Le co-auteur Ramiro Logares déclare : « Ces processus évolutifs contemporains sont la conséquence d’une adaptation rapide aux facteurs biotiques ou abiotiques (par exemple, la température), qui peuvent changer rapidement en raison du changement climatique. »
Bouger, s’adapter ou mourir
Face aux changements environnementaux, les organismes ont trois réactions possibles : se déplacer, s’adapter ou mourir. L’évolution peut se produire à différentes échelles de temps en fonction de facteurs tels que le taux de reproduction ou la taille de la population. Le fait que les microbes évoluent vers des changements environnementaux beaucoup plus rapidement que les autres animaux est bien connu grâce à plusieurs études développées en laboratoire. Par exemple, ils ont révélé qu’à des températures élevées, certaines espèces peuvent croître plus rapidement. Cependant, les réactions dans la nature ont été très peu étudiées.
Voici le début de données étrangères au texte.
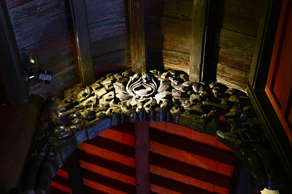 Nhịp thứ 2, phía trước gian thờ là một không gian đẹp, hệ kết cấu được phô bày đầy tính thẩm mỹ.

Cela nécessite un séquençage de l’ADN pour détecter les mutations, bien que cela n’ait pas été économiquement faisable dans la nature jusqu’à la dernière décennie. « Nous avons maintenant les ressources et la technologie pour comprendre comment le microbiome océanique évoluera sous le futur changement climatique mondial », écrivent les auteurs.
Ils pensent qu’il est nécessaire d’établir des observatoires génomiques pour surveiller l’évolution microbienne dans différentes régions et profondeurs océaniques, y compris les zones vierges et dégradées, afin de générer de longues séries chronologiques d’ADN qui permettront de suivre l’évolution microbienne contemporaine et ses impacts potentiels sur fonctionnement et santé de l’écosystème.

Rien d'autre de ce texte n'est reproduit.